The production riser 25 is a tubular housing in which production tubing, annulus monitor tubing and hydraulic control lines (not shown) are contained inside. It generally consists of several sections connected to one another until the required length is achieved to reach the upper universal joint 30 where stress or ball joints accommodate its concentrated rotation. The topmost section of the production riser 25 passes through a center hole hydraulic cylinder 40 which applies tension to the entire riser string. The terminus of the production riser 25 is a Y-spool 85 which transforms the riser section back to individual tubing without an external housing. The tubing is wound one round turn or more in helical spring fashion, terminating at their designated bores (not shown) in the dry tree 35. The springing action is designed to accommodate the tension ram stroking. The entire piping system is hard piped except for the aforementioned ball joints. These ball joints have a specially designed elastomeric composition, providing equivalent hard piping qualities.
As best seen in FIG. 3, the Y-spool 85 allows an independent entry point 42 for pumpdown TFL tools commonly used for minor workovers. The individual bores of the dry tree 35 can therefore be used for pressure sensitive monitoring devices which need not be removed when workovers are performed on its cluster well. Further piping runs occur between the wing valves of the dry tree and the containment means 32. The dry tree bores are normally equipped with a master valve and wing valve. These valves may be remotely actuated, manually operated or remotely actuated with manual override. Generally, pipe commencing at the wing valve is connected to a remotely controlled emergency shutdown valve, production choke, maintenance required block valve, flow direction control check valve (not shown), finally terminating at a production manifold 90.
The manifold 90 is a multi-piped and valved assembly which can direct flow to various components in the processing system, such as a separator 91, intermediate production separator (not shown) or the containment means 32. Intermediate production separators are sometimes required to reduce the pressure of the well stream fluid in stages rather than in one stage. The produced fluids are ultimately piped from the manifold 90 to the container means 32. This method of piping uses high pressure containing components of hard piping as opposed to flexible, hose-type conduits. An added advantage is that sour hydrocarbon production requiring the use of metal-to-metal seals (gaskets) in all high pressure piping is readily accommodated by industry available off the shelf items. Basically, the vertical restraint provided by the central leg 12 to the buoyant body 13 reduces the vertical movement of the production riser 25 to a practical distance wherein hard piping in helical form accommodates vertical movement of the production riser 25. Vertical movement occurs in the production riser 25 as a result of its own axial elasticity and the relative location of its vertical centerline with respect to the centerline 60 of the buoyant body 13.

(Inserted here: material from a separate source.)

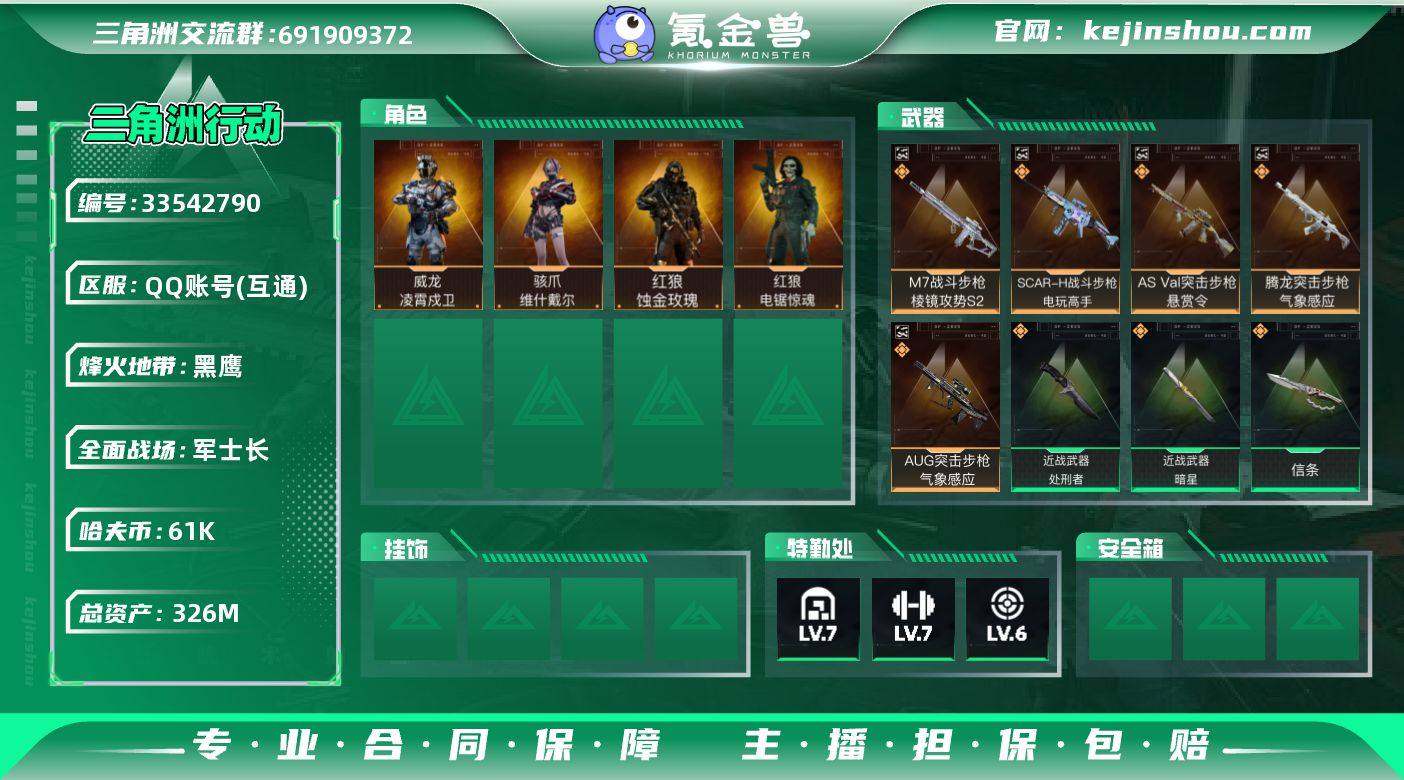 【932704】[17303465]实名: 不可修改 烽火地带段位: 黑鹰 全面战场段位: 军士长 总资产: 326 哈夫币: 61 干员外观: 红狼-蚀金玫瑰,骇爪-维什戴尔,红狼-电锯惊魂,露娜-金牌射手(S7),威龙-凌霄戍卫 传说武器皮肤: 近战-赤枭,M4A1突击步枪-蚀金玫瑰,SCAR-H战斗步枪-电玩高手(典藏),AUG突击步枪-气象感应(典藏),腾龙突击步枪-气象感应(典藏),M4A1突击步枪-阿米娅,CAR-15突击步枪-阿米娅,M7战斗步枪-棱镜攻势S2(典藏),M14射手步枪-电锯惊魂,R93狙击步枪-维什戴尔,SCAR-H战斗步枪-启航,ASh-12战斗步枪-鹅鸭杀,QCQ171冲锋枪-鹅鸭杀,QJB201轻机枪-鹅鸭杀,KC17突击步枪-电锯惊魂,AS Val突击步枪-悬赏令(典藏),近战-信条,P90冲锋枪-信条,SR-25射手步枪-信条,SG552突击步枪-运动员,SKS射手步枪-骑士,SR-3M紧凑突击步枪-白鹰兵势,MP7冲锋枪-趣味文化,近战-暗星,MK47突击步枪-暗星,SR-3M紧凑突击步枪-暗星,近战-处刑者,QBZ95-1突击步枪-凌霄戍卫,腾龙突击步枪-马年祥瑞,G18-马年祥瑞,Vector冲锋枪-夜莺,MK4冲锋枪-夜莺,Mini-14射手步枪-夜莺,.357左轮-缄花,SR-25射手步枪-缄花,M14射手步枪-缄花,SMG-45冲锋枪-锦绣,K437突击步枪-锦绣,AKM突击步枪-锦绣 亮点: 【优质装备】:近战-赤枭,腾龙突...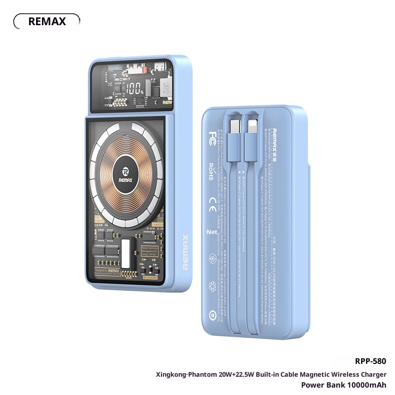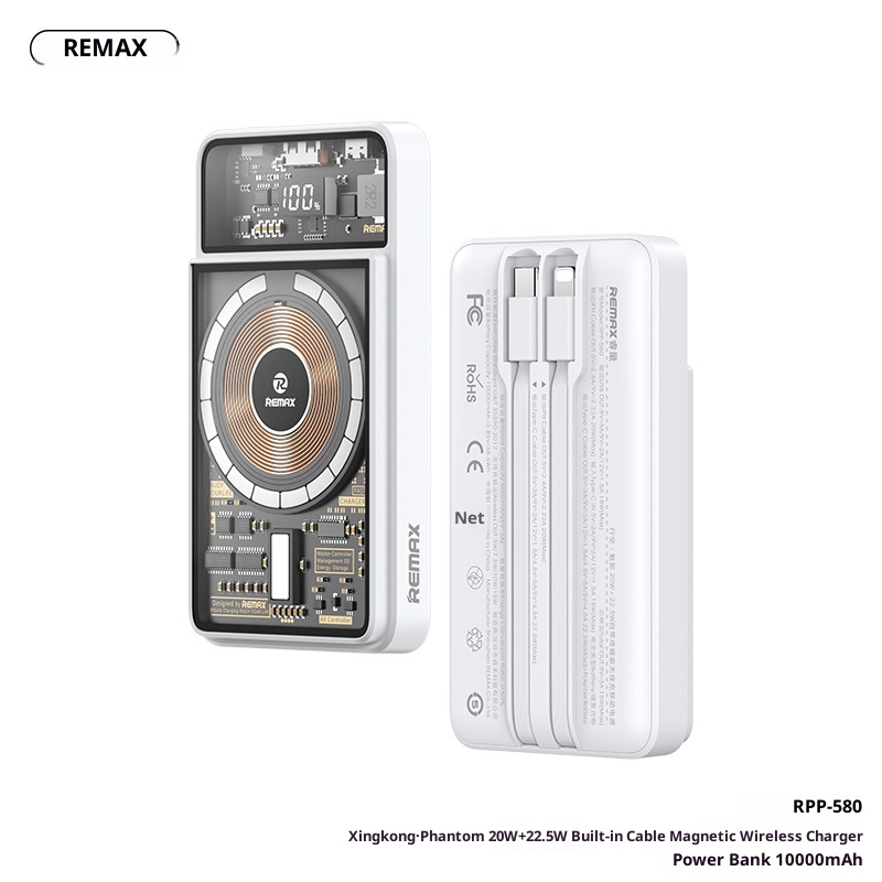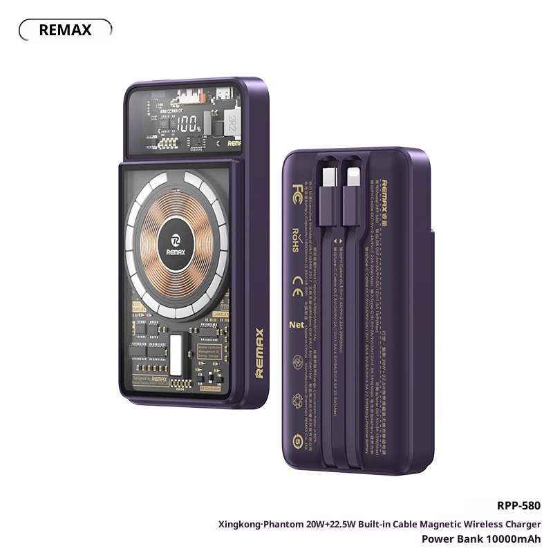 Brand:Remax/Rui Liang,Classification:Power Bank,Item Number:RPP-580,What type of battery?:Li-polymer Battery,Battery Cell Type:Polymer lithium-ion battery cell,Case material:PVC,Color:RPP-580-Mousse White, RPP-580-Dark Night Black, RPP-580-Distant Peak Blue, RPP-580-Dark Purple,Power Capacity:10000mAh,Size:120.1*66.7*19.6mm,We have authorized private labels available:yes,Is it exclusively for cross-border export supply?:yes,Is it a patented source product?:No,Charging power:22.5W,Style:creative design,Manufacturer:Shenzhen Ruihe Technology Co., Ltd,Rated Capacity:5000mAh5V-3A,Input Voltage:5V/9V/12V,Battery capacity:10000,Maximum Output Power:22.5W,Voltage:5V/9V/12V,3C Certificate Number:2024260914000601,Charging Protocol:PD2.0,Functionality:Compact and portable, magnetic charging, wireless charging, multi-voltage, comes with data cable, supports fast charging, battery level display,Is it only for cross-border?:No,Is it exclusively for foreign trade?:No,Model Number:RPP-580

The containment 32 is further provided with a fixed ballast 59 at the bottom. The fixed ballast 59 may be of varying density such as for drilling muds and can perform several functions besides keeping the center of gravity of the buoyant body 13 safely low and to minimize tension on the leg assembly 12. For example, the buoyant body 13 may be towed to the site in a horizontal position. Filling the fixed ballast compartment 59 causes it to upend to a vertical preinstallation position. Its weight can also be adjusted to compensate for various deck weights. A high deck weight will require a reduction in fixed ballast weight but only to the extent that the relationships between the vertical center of gravity (VCG) and the vertical center of buoyancy (VCB) are safely maintained. Thus, a relatively wide range of deck weights can be accommodated without changing the geometric configuration of the submerge structure. The VCG-VCB relationship also becomes increasingly important in the case of unintentional disconnection between the central leg 12 and the buoyant body 13 or between the base structure 11 and the central leg 12.
The interior of the containment 32 is segregated from the sea by surrounding ballast compartments 61. The external walls of the containment 32 are of a compartmentalized structure divided into a number of vertically elongate parallel chambers so that the containment 32 can be deballasted suitably as product accumulates inside and deballasting further controls the tension to the base assembly 11 and the central tension anchor leg assembly 12 to approximately uniform levels. Liquid level in the containment 32 is constantly measured by level indicators (not shown) which feed data into a microprocessor which in turn controls ballasting and deballasting. Measured liquid level is telemetered to shore at all times. In addition, low and high level telemetered alarms may be provided to trigger shutdown. Since the required tension can be designated with some tolerance included, diametrically opposite pairs of peripheral ballasting compartments can be designated to be left void to increase buoyance, thus offsetting weight gains of the produced liquids. Alternatively, the fixed ballast density may be changed. On the outer surface of the external wall of the containment means 32 is a disk-shaped heave attenuater 66 for increasing the vertical drag.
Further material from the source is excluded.